EXERCISE — Here the job is to copy the data exactly and to exclude every image from it.

*** Opening INPUT ***

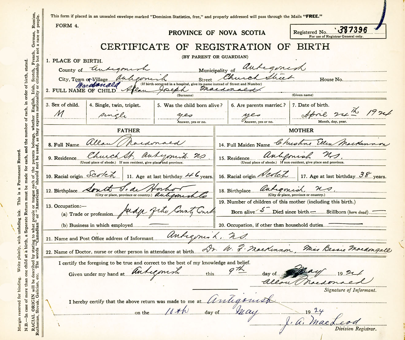 Nova Scotia Archives — https://archives.novascotia.ca/vital-statistics/birth/?ID=450501
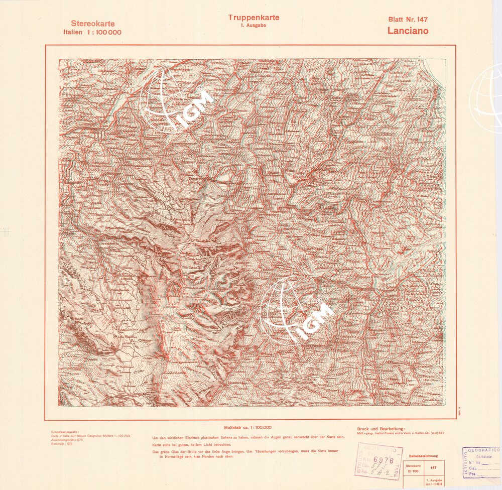 Rappresentazione orografica a curve di livello. Grafia italiana tedesca. I.G.M. (FI).
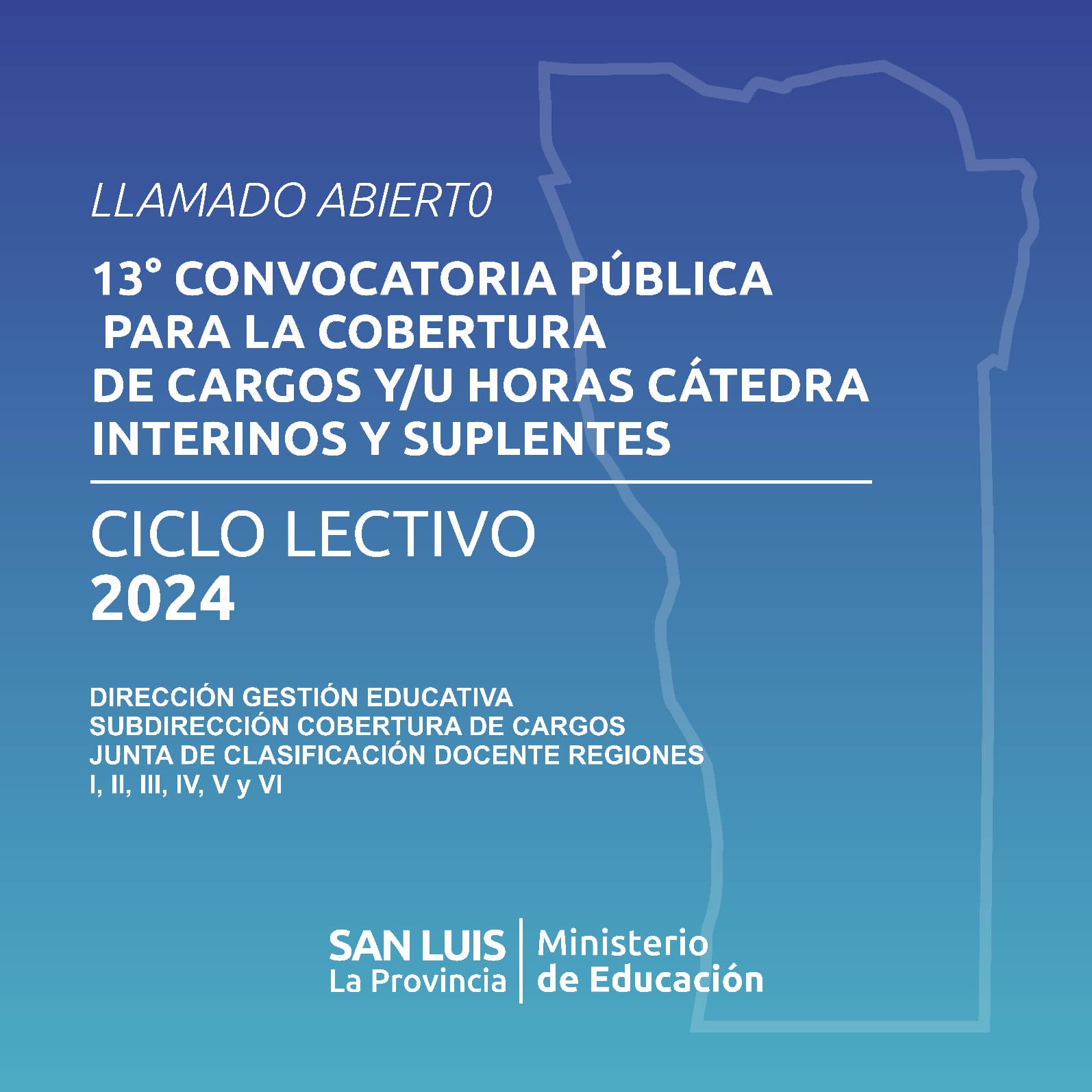 Fecha y hora límite: las manifestaciones de voluntad para la cobertura de cargos se recepcionarán a través del Sistema de Junta de Clasificación Docente de la provincia de San Luis: https://jcdocente.sanluis.edu.ar el jueves 26 de septiembre de 2024 en horario de 8:00 a 14:00.
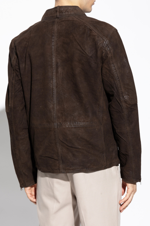 Introducing the 'Cora', an exquisite brown leather jacket for men by the renowned East London brand, AllSaints. This jacket is crafted from premium quality leather, epitomizing the essence of luxury and sophistication. The 'Cora' jacket features a central metal zipper that elegantly extends from the bottom hem to the collar, ensuring a sleek and polished closure. The standing collar, secured with an additional snap button, enhances both the elegance and functionality of the piece. With two front zippered pockets, the jacket offers practical storage solutions for your essentials, while maintaining a streamlined appearance. The classic cut of this jacket, complete with simple cuffs and rear stitching details, ensures a flattering fit that seamlessly adapts to any silhouette. Embodying a minimalist design, this jacket's luxurious material and meticulous craftsmanship make it a versatile addition to your wardrobe, perfect for both casual and formal occasions. Why Choose This Product? High-quality brown leather for an exclusive look Central metal zipper for a stylish closure Standing collar with snap button for added elegance Two practical front zippered pockets Classic cut with understated cuffs and distinctive stitching Versatile design suitable for various occasions Iconic AllSaints branding for unparalleled style
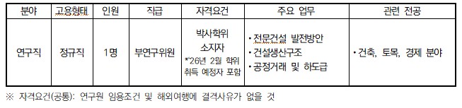 대한건설정책연구원(RICON)의 미래를 이끌어나갈 창의적이고 유능한 인재를 모집하오니, 많은 응모 바랍니다.
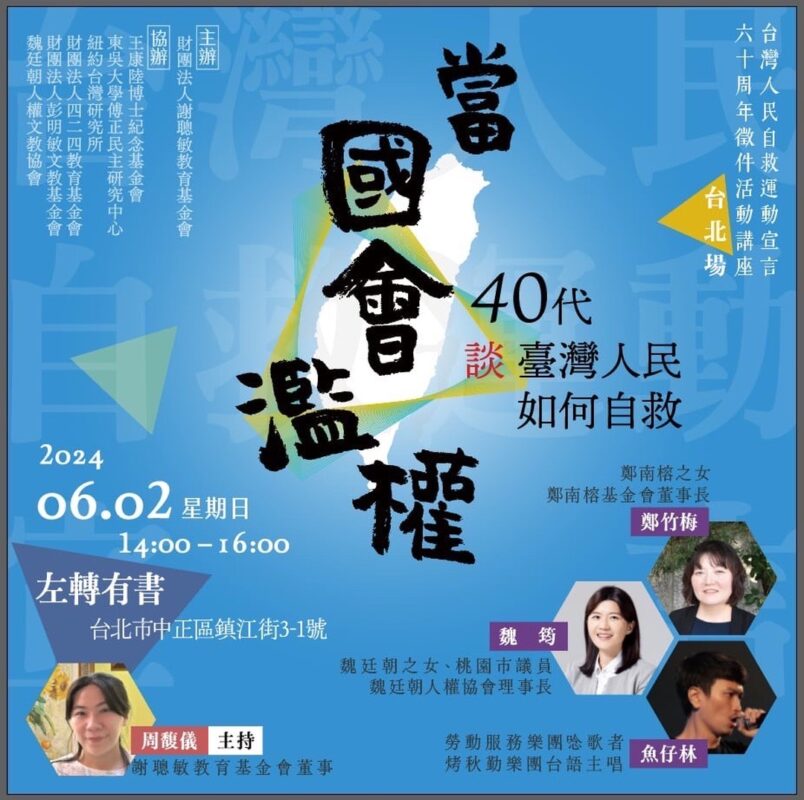 6/2自救宣言徵件宣傳講座台北場:【當國會濫權:「40代」談台灣人民如何自救】
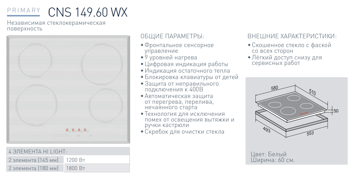 Электрическая варочная панель Zigmund-Shtain (Зигмунд-Штайн) CNS 149.60 WX
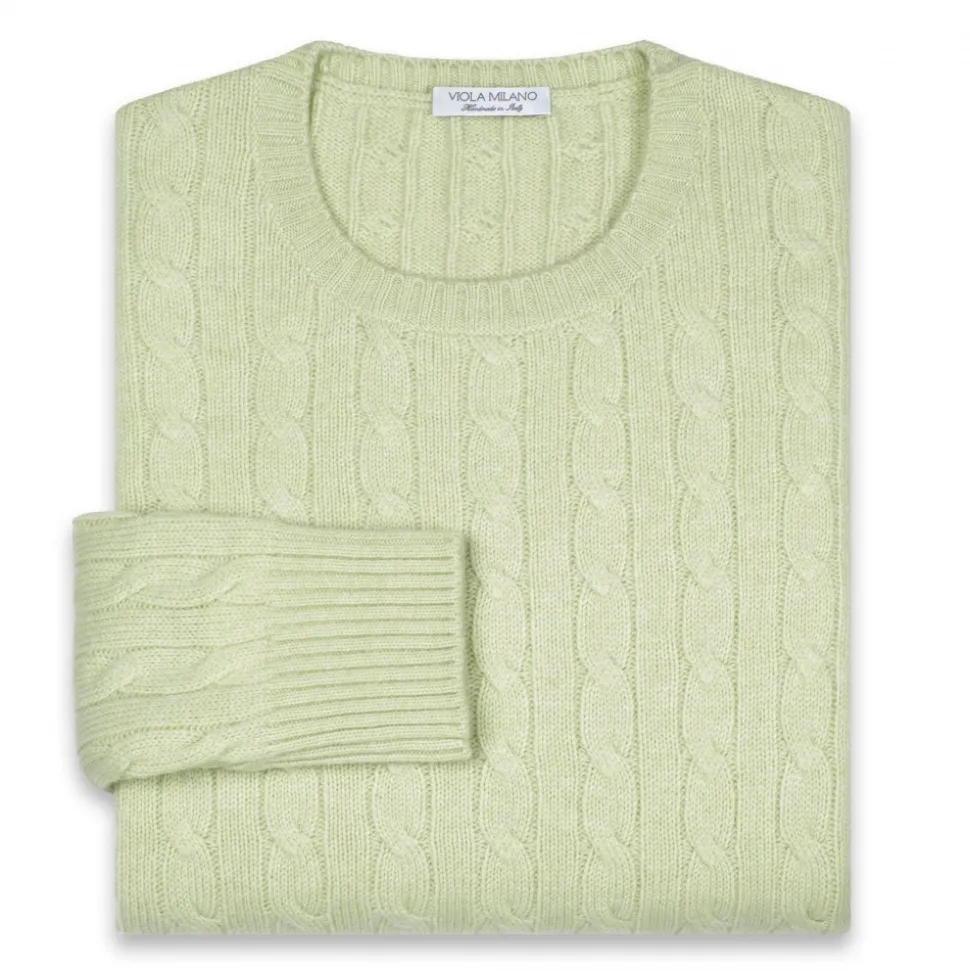 Viola Milano – Cable Knit Loro Piana Cashmere Sweater – Pistasch – Handmade in Italy – Luxury Exclusive Collection
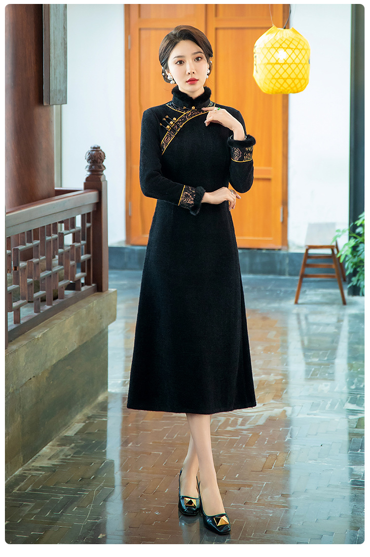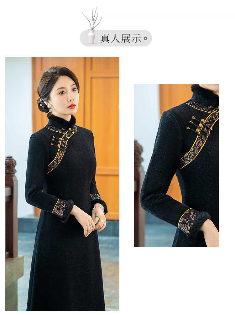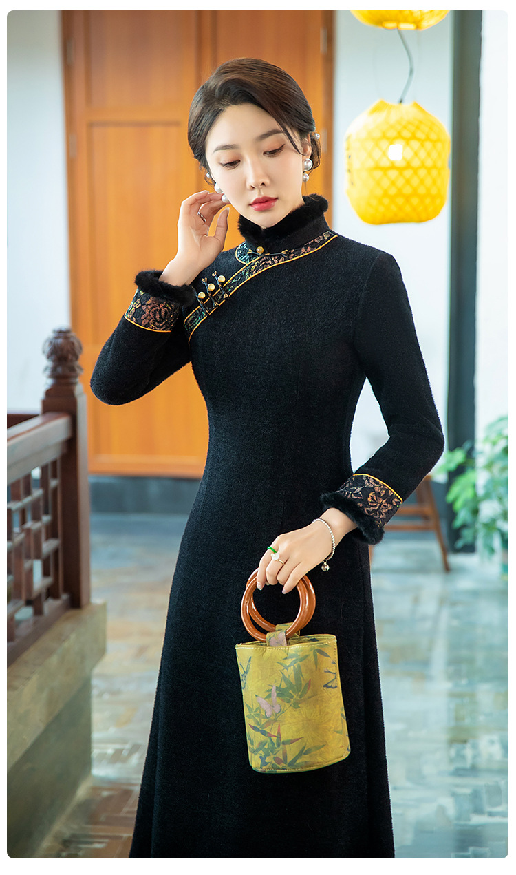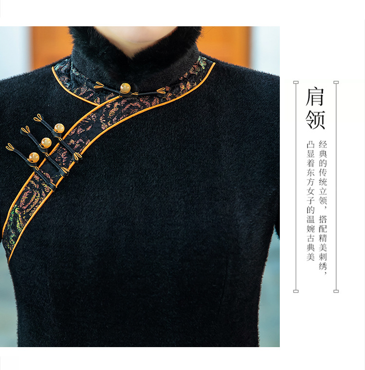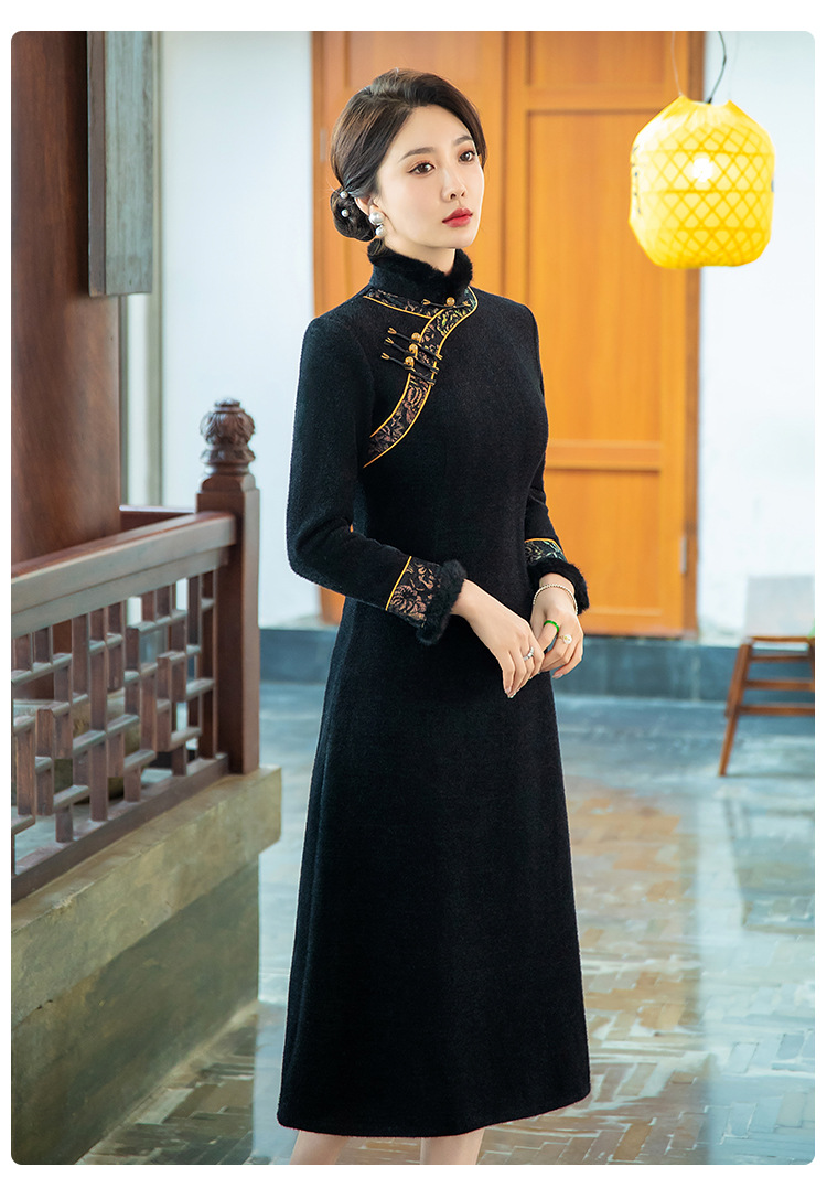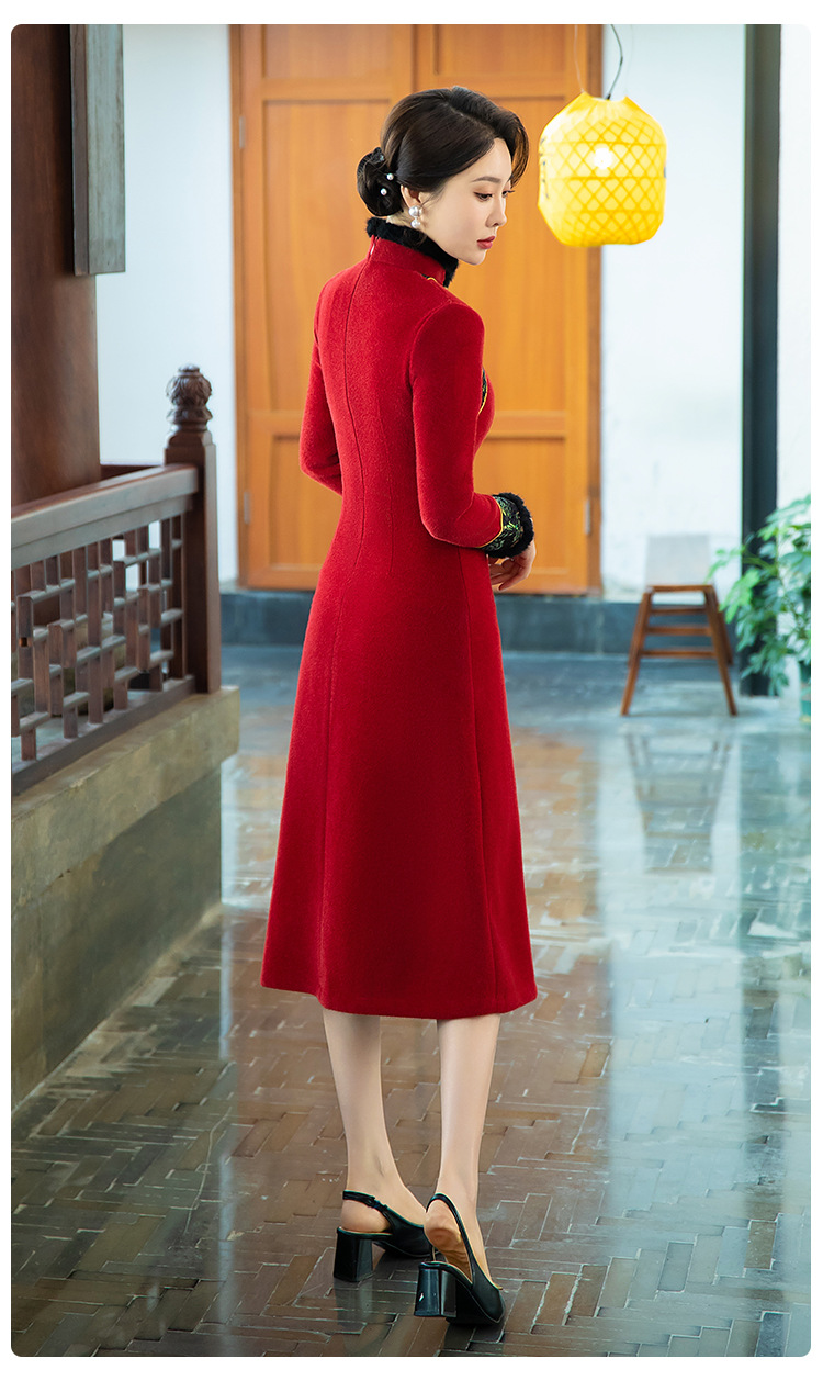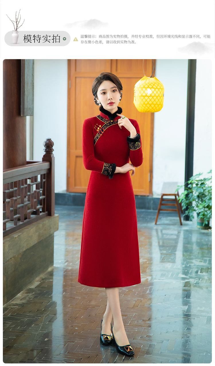 SYG-760喜婆婆婚婚宴旗袍秋冬毛领新款冬款改良中国风长袖婚礼
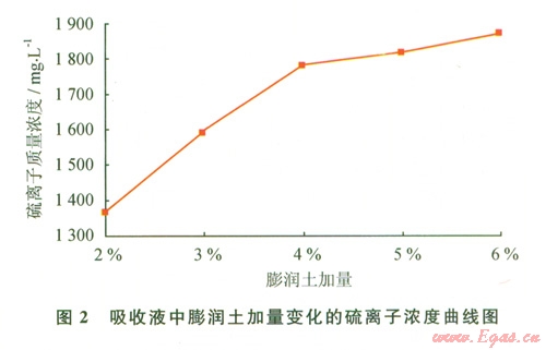 如圖2所示膨潤土加量對吸收液吸收效果有明顯的影響,但在膨潤土加量為4%以后,吸收液中硫離子濃度隨膨潤土加量的增加變化不大。分析產(chǎn)生這種現(xiàn)象的主要原因是膨潤土本身對硫化氫有一定的物理和化學(xué)吸附作用,物理吸附主要是硫化氫分子在膨潤土表面的吸附,化學(xué)吸附主要是發(fā)生在膨潤土膠體表面的陽離子交換吸附。
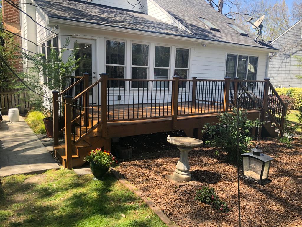Mario did a great job on my deck. His sanding job was also great. He meticulously covered all areas so no stain got on any surfaces other than the deck. The finish of the work was high quality (smooth) and there were no unfinished spots. Overall his value was also great compared to the Quotes I got.
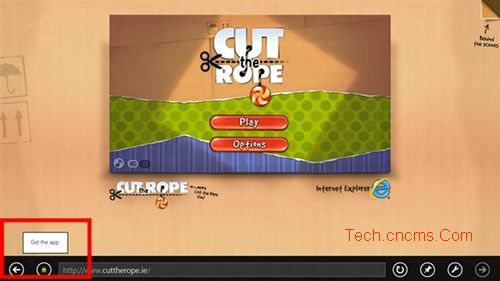 和iOS及其他通過注冊協議前綴調用第三方應用類似,如果在Windows 8 Style IE10中瀏覽在Windows應用商店有應用的網頁時會提示“獲得該應用”按鈕,點擊即可跳轉到微軟官方的Windows應用商店下載該應用。即用戶可以很方便的在IE中發現、下載和啟動適用于所訪問網站的Windows 8 Style風格應用程序。
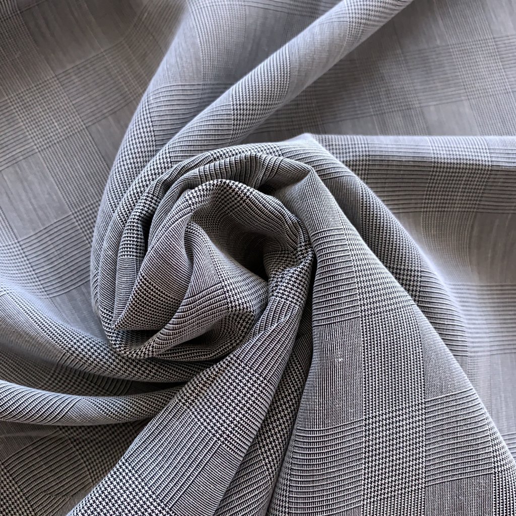 Lehká bavlněná kostýmovka/šatovka s polyesterem, šedé káro
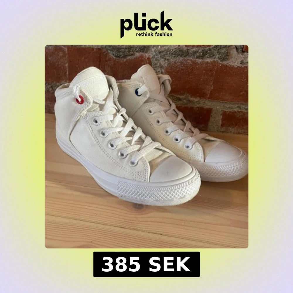 Säljer ett par klassiska vita Converse All Star sneakers i canvas med högt skaft. Skorna har snörning med en röd och en blå detalj i översta öljetterna, rund tå och platt sula i gummi. Perfekta för dig som gillar en clean och tidlös stil.

*** Closing INPUT ***

WRITTEN SOLUTION —
 Nova Scotia Archives — https://archives.novascotia.ca/vital-statistics/birth/?ID=450501
 Rappresentazione orografica a curve di livello. Grafia italiana tedesca. I.G.M. (FI).
 Fecha y hora límite: las manifestaciones de voluntad para la cobertura de cargos se recepcionarán a través del Sistema de Junta de Clasificación Docente de la provincia de San Luis: https://jcdocente.sanluis.edu.ar el jueves 26 de septiembre de 2024 en horario de 8:00 a 14:00.
 Introducing the 'Cora', an exquisite brown leather jacket for men by the renowned East London brand, AllSaints. This jacket is crafted from premium quality leather, epitomizing the essence of luxury and sophistication. The 'Cora' jacket features a central metal zipper that elegantly extends from the bottom hem to the collar, ensuring a sleek and polished closure. The standing collar, secured with an additional snap button, enhances both the elegance and functionality of the piece. With two front zippered pockets, the jacket offers practical storage solutions for your essentials, while maintaining a streamlined appearance. The classic cut of this jacket, complete with simple cuffs and rear stitching details, ensures a flattering fit that seamlessly adapts to any silhouette. Embodying a minimalist design, this jacket's luxurious material and meticulous craftsmanship make it a versatile addition to your wardrobe, perfect for both casual and formal occasions. Why Choose This Product? High-quality brown leather for an exclusive look Central metal zipper for a stylish closure Standing collar with snap button for added elegance Two practical front zippered pockets Classic cut with understated cuffs and distinctive stitching Versatile design suitable for various occasions Iconic AllSaints branding for unparalleled style
 대한건설정책연구원(RICON)의 미래를 이끌어나갈 창의적이고 유능한 인재를 모집하오니, 많은 응모 바랍니다.
 6/2自救宣言徵件宣傳講座台北場:【當國會濫權:「40代」談台灣人民如何自救】
 Электрическая варочная панель Zigmund-Shtain (Зигмунд-Штайн) CNS 149.60 WX
 Viola Milano – Cable Knit Loro Piana Cashmere Sweater – Pistasch – Handmade in Italy – Luxury Exclusive Collection
 SYG-760喜婆婆婚婚宴旗袍秋冬毛领新款冬款改良中国风长袖婚礼
 如圖2所示膨潤土加量對吸收液吸收效果有明顯的影響,但在膨潤土加量為4%以后,吸收液中硫離子濃度隨膨潤土加量的增加變化不大。分析產(chǎn)生這種現(xiàn)象的主要原因是膨潤土本身對硫化氫有一定的物理和化學(xué)吸附作用,物理吸附主要是硫化氫分子在膨潤土表面的吸附,化學(xué)吸附主要是發(fā)生在膨潤土膠體表面的陽離子交換吸附。
Mario did a great job on my deck. His sanding job was also great. He meticulously covered all areas so no stain got on any surfaces other than the deck. The finish of the work was high quality (smooth) and there were no unfinished spots. Overall his value was also great compared to the Quotes I got.
 和iOS及其他通過注冊協議前綴調用第三方應用類似,如果在Windows 8 Style IE10中瀏覽在Windows應用商店有應用的網頁時會提示“獲得該應用”按鈕,點擊即可跳轉到微軟官方的Windows應用商店下載該應用。即用戶可以很方便的在IE中發現、下載和啟動適用于所訪問網站的Windows 8 Style風格應用程序。
 Lehká bavlněná kostýmovka/šatovka s polyesterem, šedé káro
 Säljer ett par klassiska vita Converse All Star sneakers i canvas med högt skaft. Skorna har snörning med en röd och en blå detalj i översta öljetterna, rund tå och platt sula i gummi. Perfekta för dig som gillar en clean och tidlös stil.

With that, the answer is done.